Build a rolling income report
group:'Revenue' OR group:'COGS' after:$m-24 by:mThis shows Revenue and Cost of Goods Sold over the last 24 months, grouped monthly.
Filter a full reporting year
after:2025-01-01 before:2026-01-01This covers the full 2025 calendar year because the start date is included and the end date is excluded.
Saved queries
Saved queries reduce the effort of recurring reporting. Prepare the search conditions once, then save the query with a meaningful name.
Saved queries are useful when you need to:
- re-run the same report in the web app
- fetch the same filtered data into Google Sheets
- use date variables for rolling periods
- share a consistent reporting definition with a team
Saving a query
To save a query:
- Open the Book.
- Type or build the query in the search field.

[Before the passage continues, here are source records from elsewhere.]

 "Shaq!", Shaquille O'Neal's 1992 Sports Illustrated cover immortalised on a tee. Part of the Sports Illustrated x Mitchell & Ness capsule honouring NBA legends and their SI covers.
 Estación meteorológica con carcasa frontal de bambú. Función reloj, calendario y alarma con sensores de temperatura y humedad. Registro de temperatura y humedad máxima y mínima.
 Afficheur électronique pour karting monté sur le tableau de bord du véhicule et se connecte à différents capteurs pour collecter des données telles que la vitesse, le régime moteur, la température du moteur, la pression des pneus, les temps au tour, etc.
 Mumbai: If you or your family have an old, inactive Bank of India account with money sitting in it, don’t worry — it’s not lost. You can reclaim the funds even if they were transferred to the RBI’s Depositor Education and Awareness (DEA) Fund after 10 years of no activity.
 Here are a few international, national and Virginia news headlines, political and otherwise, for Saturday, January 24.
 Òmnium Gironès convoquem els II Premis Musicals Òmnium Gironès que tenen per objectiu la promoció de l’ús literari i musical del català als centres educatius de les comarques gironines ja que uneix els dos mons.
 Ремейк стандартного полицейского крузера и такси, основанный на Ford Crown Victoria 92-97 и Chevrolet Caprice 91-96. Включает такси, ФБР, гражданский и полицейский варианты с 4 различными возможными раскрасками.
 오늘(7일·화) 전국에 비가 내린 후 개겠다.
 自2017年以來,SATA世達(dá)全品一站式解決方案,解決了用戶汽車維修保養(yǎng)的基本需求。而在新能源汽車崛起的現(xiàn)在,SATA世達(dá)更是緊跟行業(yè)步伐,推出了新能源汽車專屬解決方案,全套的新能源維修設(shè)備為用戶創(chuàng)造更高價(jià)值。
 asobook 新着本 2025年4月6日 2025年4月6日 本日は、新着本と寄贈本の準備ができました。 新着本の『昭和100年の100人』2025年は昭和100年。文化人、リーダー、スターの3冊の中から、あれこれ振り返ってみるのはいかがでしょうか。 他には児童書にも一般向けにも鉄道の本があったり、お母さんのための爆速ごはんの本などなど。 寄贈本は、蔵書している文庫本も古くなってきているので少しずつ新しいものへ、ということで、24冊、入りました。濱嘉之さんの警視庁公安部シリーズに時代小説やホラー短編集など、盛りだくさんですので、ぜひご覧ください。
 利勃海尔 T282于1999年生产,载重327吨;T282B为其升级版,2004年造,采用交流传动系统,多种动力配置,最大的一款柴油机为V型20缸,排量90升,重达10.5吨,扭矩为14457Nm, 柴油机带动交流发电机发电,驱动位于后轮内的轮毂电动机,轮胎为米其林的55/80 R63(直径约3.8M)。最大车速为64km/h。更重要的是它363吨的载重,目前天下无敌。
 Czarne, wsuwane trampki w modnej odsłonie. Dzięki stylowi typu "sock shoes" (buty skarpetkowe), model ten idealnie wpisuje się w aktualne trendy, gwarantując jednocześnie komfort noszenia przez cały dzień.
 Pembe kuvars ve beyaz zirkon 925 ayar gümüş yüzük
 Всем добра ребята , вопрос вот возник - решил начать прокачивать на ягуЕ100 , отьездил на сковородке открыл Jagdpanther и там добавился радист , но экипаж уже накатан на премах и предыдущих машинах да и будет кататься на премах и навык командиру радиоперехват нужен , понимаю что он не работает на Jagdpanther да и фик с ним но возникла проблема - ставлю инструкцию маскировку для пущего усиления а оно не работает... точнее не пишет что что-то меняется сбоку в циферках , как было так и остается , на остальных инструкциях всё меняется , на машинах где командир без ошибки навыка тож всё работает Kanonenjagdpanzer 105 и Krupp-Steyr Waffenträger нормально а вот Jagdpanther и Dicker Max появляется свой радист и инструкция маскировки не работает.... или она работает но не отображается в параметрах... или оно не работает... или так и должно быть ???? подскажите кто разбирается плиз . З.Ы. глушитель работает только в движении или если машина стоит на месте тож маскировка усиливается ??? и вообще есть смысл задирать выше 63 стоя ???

- Open the search context menu.
- Select Save Query.
- Give the query a clear name.
- Confirm.
A good saved query name describes the report and period, such as Monthly Revenue last 24 months or Unchecked bank imports.
Using a saved query
In the web app, saved queries appear with the Book navigation and can be run again with one click.
In Google Sheets, open the Bkper Add-on, choose the Book, and select the saved query from the Fetch workflow. The add-on pulls the matching transactions or balances into the spreadsheet.
Where queries work
The query language is universal across Bkper:
- Web app — search and filter transactions, balances, and charts.
- Search Assistant — build valid queries visually.
- Bkper Functions — pass queries to
BKPER_BALANCESandBKPER_TRANSACTIONS. - Bkper Add-on for Google Sheets — fetch filtered balances and transactions.
- Google Apps Script and API workflows — pass queries programmatically.
A query that works in one place works in all of them. You can prototype a query in the web app, save it, and reuse it in Google Sheets or automation code.